/nyacc

nuacc is `nya`-fied C-like lang compiler for formal lang course. Yes, we are cooked

Primary LanguageC++

nuacc is nya-fied C-like lang compiler for formal lang course. Yes, we are cooked

Supported functionality

  • functions
  • control flow (if, for, while) with C-like syntax
  • types: u8..u64, i8..i64, str, void (u = unsigned, iXX means intXX_t from C, str is kinda const char *)
  • compatability with C ABI => possibility of calling from both sides
  • stdlib with I/O and string functions
  • math (+-*/, unary minus with automatic casts to bigger types)
  • logic operators (&&, ||, !, >, >=, <, <=)
  • and maybe more, i forgot...

Compiling from source

  1. Probably docker is simplier, so just use it
  2. You need llvm libs, flex and bison
  3. Clone repo
  4. Run cmake & build
cd nyacc && mkdir build && cd build
cmake ..
make -j16
cd ..
  1. Run via Wrapper or True

Using docker

docker build . -t nyacc_compiler
docker run -it --mount src="$(pwd)",target=/pwd_dir,type=bind nyacc_compiler:latest

Now, compile any example with wrapper or manual compilation

Wrapper usage

./wrapper.sh [BUILD DIR] [INPUT FILE] [OUTPUT FILE]

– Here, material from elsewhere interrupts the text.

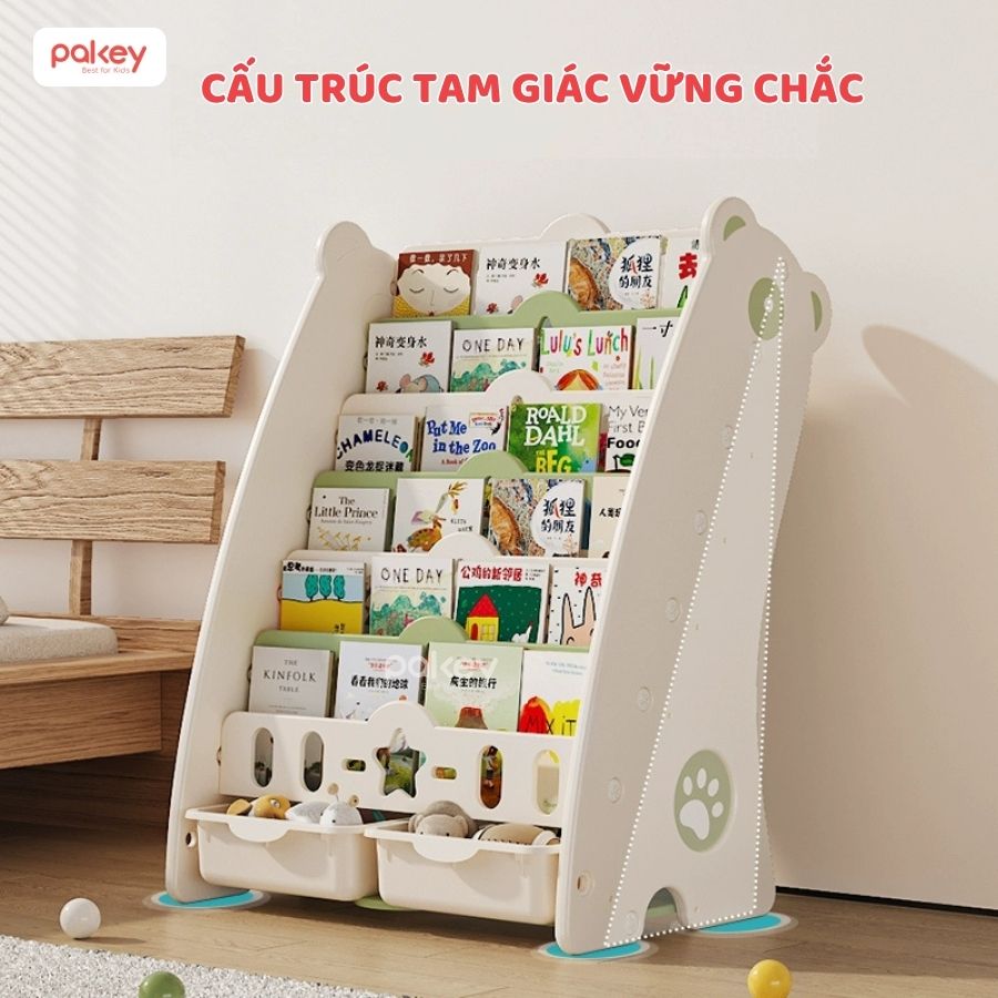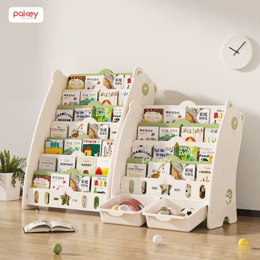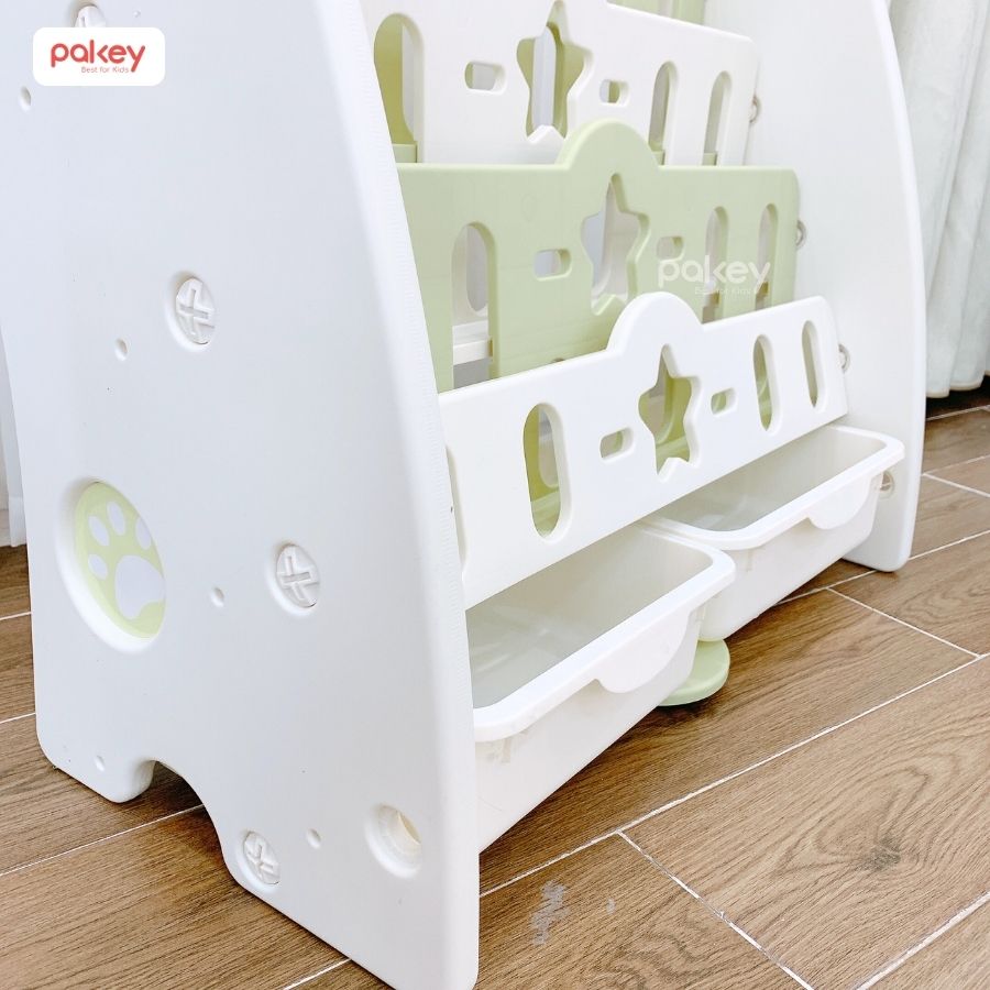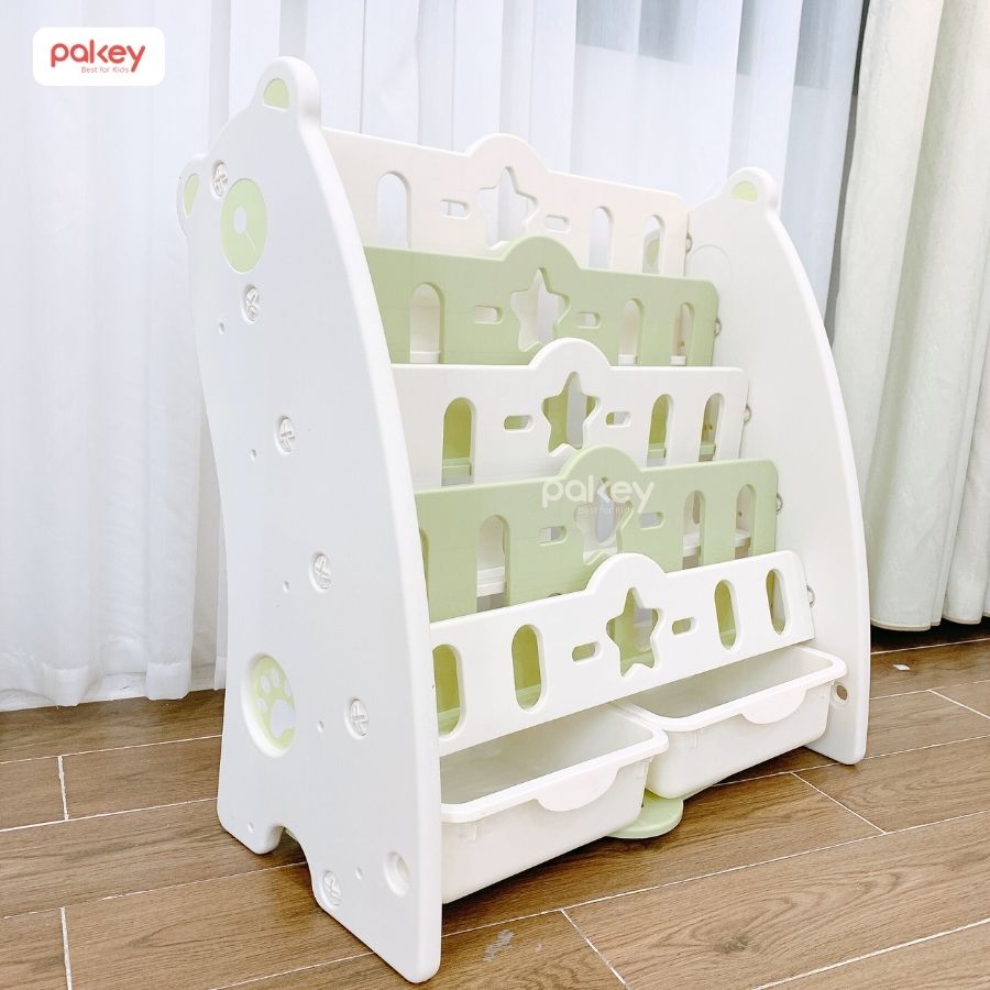 – Kệ sách gấu Pakey GS01 gồm 5 tầng, trong đó 4 tầng là kệ để đồ và 1 tầng cuối cùng được đi kèm với 2 chiếc hộc nhựa. Thiết kế này cho phép các bé có thể dùng để lưu trữ, sắp xếp nhiều loại vật dụng như: sách vở, đồ chơi, đồ dùng học tập,…

Where build dir is cmake build dir For example, to test readme example from repo directory, run

./wrapper.sh build examples/readme_example.nya ./example
./example

Manual usage

  1. Translate into IR with nyacc <input file> <output ir file>
  2. Then compile with clang++ <out ir file> libnyacclib.a (from cmake build dir)

Current possibilities

str in_s();
void println_s(str x);
str concat(str a, str b);
str format_i(str fmt, i64 v);

str format_line(i32 idx, str line) {
  str predicate = format_i("Idx {}: ", idx);
  return concat(predicate, line);
}

i64 main() {
  str hello = "Hello";
  hello = concat(hello, " ");
  str name = in_s();

  str outw = concat(concat(hello, name), " from Cutie Development Team :3");

  for (i32 i = 0; !(i >= 10); i = i - -1) {
    println_s(format_line(i + 1, outw));
  }

  return 0;
}

where top definitions is from nyacc's stdlib (it has way more functions, u can see [or add yours] in stdlib/)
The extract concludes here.